As well as being consistent, Ardern is also being internationally praised for her empathy. Rather than drawing on the popular political rhetoric of waging war against the virus, the New Zealand government urged the population to unite to overcome it. Ardern has repeatedly referred to New Zealand as “our team of five million”, signing off public appearances with the slogan “Be strong. Be kind.”. She even announced that she and her senior ministers would take a 20 percent pay cut for the next six months – a way of showing she acknowledges the financial difficulties faced by New Zealanders.


New Zealand’s early complete lockdown meant that the brunt of the economic costs of the virus were borne early. The government moved quickly to deploy a series of economic measures. 

In its 40 page report, Rebuild New Zealand 2020, PwC praised the government’s agility in its unprecedented scale of spending and agility in quickly implementing new policies. However, it suggested that there would still be economic difficulties, predicting a decline in GDP of between seven and eight percent and an increase in unemployment, peaking at 9.8 percent in September 2020. It also anticipates a rise in Crown debt from $58.66 billion in 2020 to $124.5 billion in 2020.

Like the rest of the world, then, New Zealand faces a long road to economic recovery. But the report by PwC suggests that there are reasons to be optimistic. The largest economic sector, agriculture, continues to perform well, whilst a recent investment in ultra-fast broadband will allow many workforces to upskill and participate in global opportunities.
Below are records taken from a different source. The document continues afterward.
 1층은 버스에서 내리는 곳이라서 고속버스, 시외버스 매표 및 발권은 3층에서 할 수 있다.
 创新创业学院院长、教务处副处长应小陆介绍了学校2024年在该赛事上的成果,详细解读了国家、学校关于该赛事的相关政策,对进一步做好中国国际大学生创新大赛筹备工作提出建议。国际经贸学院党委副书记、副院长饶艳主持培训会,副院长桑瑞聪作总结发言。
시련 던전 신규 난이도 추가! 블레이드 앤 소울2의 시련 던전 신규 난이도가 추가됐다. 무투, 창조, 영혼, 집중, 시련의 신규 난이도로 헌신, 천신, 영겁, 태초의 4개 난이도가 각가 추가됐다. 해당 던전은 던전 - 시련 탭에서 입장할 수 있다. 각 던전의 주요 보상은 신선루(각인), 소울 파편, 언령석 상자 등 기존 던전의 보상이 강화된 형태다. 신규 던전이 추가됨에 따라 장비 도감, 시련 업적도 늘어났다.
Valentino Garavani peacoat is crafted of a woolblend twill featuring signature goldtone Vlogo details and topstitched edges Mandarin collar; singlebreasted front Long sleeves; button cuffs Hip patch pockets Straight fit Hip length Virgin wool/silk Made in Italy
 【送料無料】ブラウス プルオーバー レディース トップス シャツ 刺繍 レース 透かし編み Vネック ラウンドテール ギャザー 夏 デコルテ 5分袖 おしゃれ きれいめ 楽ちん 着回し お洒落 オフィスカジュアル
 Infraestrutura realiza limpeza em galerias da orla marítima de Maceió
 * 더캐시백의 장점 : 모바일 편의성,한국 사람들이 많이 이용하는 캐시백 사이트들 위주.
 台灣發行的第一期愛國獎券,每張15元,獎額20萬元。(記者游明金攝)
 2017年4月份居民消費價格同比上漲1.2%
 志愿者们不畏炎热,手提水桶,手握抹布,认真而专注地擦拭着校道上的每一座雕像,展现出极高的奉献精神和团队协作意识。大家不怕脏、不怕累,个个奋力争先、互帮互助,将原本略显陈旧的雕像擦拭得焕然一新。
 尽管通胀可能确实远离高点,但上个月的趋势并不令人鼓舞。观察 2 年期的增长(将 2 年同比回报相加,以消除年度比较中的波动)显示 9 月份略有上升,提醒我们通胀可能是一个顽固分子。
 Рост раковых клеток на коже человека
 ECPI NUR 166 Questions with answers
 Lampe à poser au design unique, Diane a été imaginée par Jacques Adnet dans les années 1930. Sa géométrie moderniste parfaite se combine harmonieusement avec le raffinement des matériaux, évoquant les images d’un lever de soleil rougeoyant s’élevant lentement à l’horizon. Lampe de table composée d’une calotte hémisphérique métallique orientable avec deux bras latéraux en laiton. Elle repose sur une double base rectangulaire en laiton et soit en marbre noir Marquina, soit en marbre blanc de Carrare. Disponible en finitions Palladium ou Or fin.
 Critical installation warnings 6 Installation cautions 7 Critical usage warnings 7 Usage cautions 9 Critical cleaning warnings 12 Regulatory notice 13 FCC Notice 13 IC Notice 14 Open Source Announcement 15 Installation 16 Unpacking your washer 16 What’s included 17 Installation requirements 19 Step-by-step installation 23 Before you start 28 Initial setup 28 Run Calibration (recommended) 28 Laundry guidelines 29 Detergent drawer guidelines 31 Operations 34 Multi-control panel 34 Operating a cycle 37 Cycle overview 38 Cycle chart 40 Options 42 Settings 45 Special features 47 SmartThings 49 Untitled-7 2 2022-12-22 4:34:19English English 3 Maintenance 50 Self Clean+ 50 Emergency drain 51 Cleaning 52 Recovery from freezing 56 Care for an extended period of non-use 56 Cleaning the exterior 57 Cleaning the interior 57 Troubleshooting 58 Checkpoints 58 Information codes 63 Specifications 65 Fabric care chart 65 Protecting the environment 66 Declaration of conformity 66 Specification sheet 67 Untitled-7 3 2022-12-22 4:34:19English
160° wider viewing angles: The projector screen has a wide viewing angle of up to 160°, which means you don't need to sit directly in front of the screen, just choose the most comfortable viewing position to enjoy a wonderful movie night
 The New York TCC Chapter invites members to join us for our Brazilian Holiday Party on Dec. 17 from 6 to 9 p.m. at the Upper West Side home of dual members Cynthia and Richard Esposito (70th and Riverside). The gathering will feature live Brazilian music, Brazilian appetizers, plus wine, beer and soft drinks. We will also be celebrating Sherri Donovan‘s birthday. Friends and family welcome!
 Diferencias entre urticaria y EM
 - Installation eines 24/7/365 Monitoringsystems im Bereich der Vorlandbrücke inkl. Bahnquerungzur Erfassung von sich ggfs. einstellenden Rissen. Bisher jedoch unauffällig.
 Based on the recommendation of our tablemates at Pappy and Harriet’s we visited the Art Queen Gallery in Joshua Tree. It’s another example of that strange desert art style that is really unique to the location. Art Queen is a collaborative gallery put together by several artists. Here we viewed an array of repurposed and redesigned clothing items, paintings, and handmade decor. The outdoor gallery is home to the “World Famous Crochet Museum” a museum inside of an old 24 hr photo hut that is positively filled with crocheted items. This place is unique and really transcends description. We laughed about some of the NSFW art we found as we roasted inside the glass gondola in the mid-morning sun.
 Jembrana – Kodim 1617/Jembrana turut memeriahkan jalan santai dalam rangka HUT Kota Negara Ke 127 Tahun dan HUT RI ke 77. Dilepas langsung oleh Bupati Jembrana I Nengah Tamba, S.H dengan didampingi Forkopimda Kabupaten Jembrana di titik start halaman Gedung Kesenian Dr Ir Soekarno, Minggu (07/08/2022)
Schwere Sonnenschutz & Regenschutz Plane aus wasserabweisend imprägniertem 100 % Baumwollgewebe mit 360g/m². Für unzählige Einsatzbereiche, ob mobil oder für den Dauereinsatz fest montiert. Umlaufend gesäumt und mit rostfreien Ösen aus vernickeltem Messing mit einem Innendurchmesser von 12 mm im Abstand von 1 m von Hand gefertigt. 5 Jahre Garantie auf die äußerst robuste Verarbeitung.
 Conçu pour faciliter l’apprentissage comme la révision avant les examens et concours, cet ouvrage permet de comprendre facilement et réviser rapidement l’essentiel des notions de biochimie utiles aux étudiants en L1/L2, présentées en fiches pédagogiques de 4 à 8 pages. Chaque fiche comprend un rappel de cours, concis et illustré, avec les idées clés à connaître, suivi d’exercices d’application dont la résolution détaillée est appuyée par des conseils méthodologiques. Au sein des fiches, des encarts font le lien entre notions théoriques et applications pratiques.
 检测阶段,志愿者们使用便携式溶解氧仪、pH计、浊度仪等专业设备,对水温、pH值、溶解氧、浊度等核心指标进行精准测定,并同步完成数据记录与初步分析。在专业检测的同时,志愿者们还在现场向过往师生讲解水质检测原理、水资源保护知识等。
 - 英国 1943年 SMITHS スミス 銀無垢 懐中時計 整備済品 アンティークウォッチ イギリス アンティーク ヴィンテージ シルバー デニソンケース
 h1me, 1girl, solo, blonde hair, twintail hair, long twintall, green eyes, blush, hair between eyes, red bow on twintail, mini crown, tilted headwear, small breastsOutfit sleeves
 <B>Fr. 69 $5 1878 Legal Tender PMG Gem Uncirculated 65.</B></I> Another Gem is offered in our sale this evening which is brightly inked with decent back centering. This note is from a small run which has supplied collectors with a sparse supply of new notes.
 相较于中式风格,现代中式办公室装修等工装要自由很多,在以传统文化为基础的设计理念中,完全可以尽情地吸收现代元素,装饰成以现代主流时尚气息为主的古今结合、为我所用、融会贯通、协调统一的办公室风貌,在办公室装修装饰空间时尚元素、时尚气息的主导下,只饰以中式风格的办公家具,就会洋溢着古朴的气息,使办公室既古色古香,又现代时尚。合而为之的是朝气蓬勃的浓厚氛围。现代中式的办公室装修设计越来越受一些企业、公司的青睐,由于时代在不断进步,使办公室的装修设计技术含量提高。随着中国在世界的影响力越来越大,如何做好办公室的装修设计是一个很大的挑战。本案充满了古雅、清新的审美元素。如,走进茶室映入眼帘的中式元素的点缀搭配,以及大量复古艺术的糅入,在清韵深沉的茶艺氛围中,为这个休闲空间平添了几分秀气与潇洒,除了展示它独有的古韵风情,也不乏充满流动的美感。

HSBC’s Australia and New Zealand chief economist, Paul Bloxham, anticipates that New Zealand will recover more quickly than Australia. 

“For New Zealand, a higher economic cost was borne upfront, with the full lockdown,” he explains. “However, local elimination has put the economy on track for a ‘V-shaped’ bounce back. We are pencilling in a 12.6 percent quarter-on-quarter rise in GDP in the third quarter.”

Despite the happiness at lockdown lifting, New Zealand has a long journey to recovery. But with Ardern at the helm, the country has every chance of bouncing back.